[I18n-sig] JapaneseCodecs 1.1 with ISO-2022-JP codec

Martin v. Loewis martin@loewis.home.cs.tu-berlin.de
Fri, 24 Nov 2000 22:28:38 +0100


> ReadStream.readline() reads lines by calling readline() of
> the underlying stream object, and converts them into Unicode
> objects.  Therefore, line breaking is done in the layer of
> native encodings.  I believe it works well for at least the
> three Japanese encodings.

That is the case that may make trouble.

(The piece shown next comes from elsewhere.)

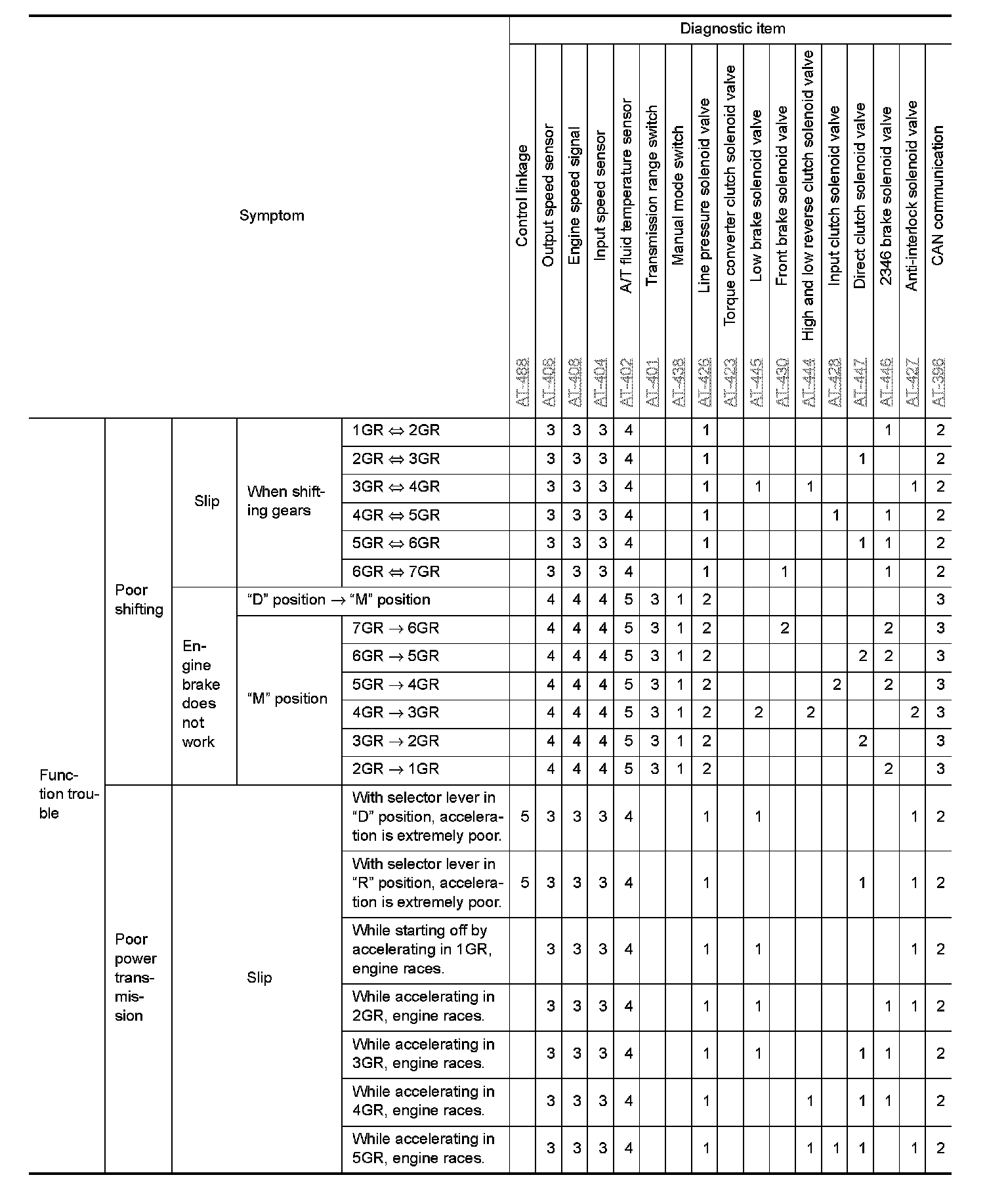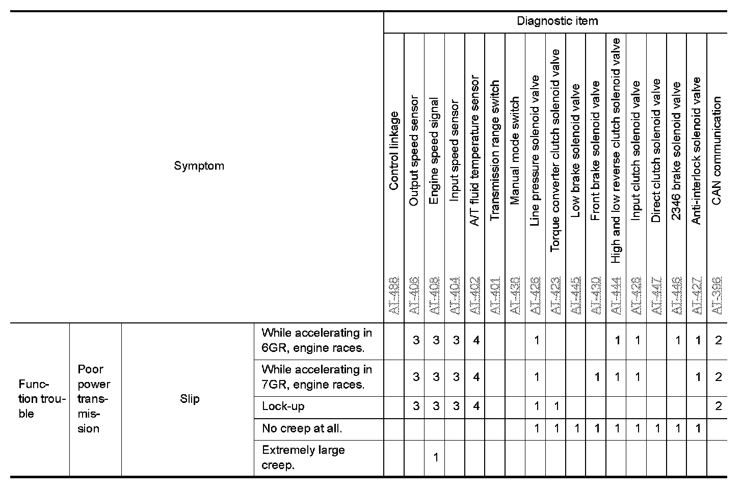 If any malfunction occurs in the RE7R01A transmission, replace the A/T assembly.

Consider u"Hello\nWorld" in
UTF-16LE; it is

  H \0 e \0 l \0 l \0 o \0 \n \0 W \0 r \0 l \0 d \0

Now, if you do readline on the underlying stream, you get

  H \0 e \0 l \0 l \0 o \0 \n

Passing that to the UTF-16 decoder causes an exception: this is an
uneven number of bytes, which is illegal in UTF-16 (it should have
read \n\0 instead).

I was merely asking for confirmation that this is not a problem in
your encodings (i.e. the byte \012 always means newline, no matter
where it appears in the encoding).

> However, ReadStream.readlines() reads a Unicode character sequence
> by calling ReadStream.read() internally, and breaks it into a set of
> lines by looking for a CR.  Is there a case that this does not work?

No, that should work just fine.

Thanks,
Martin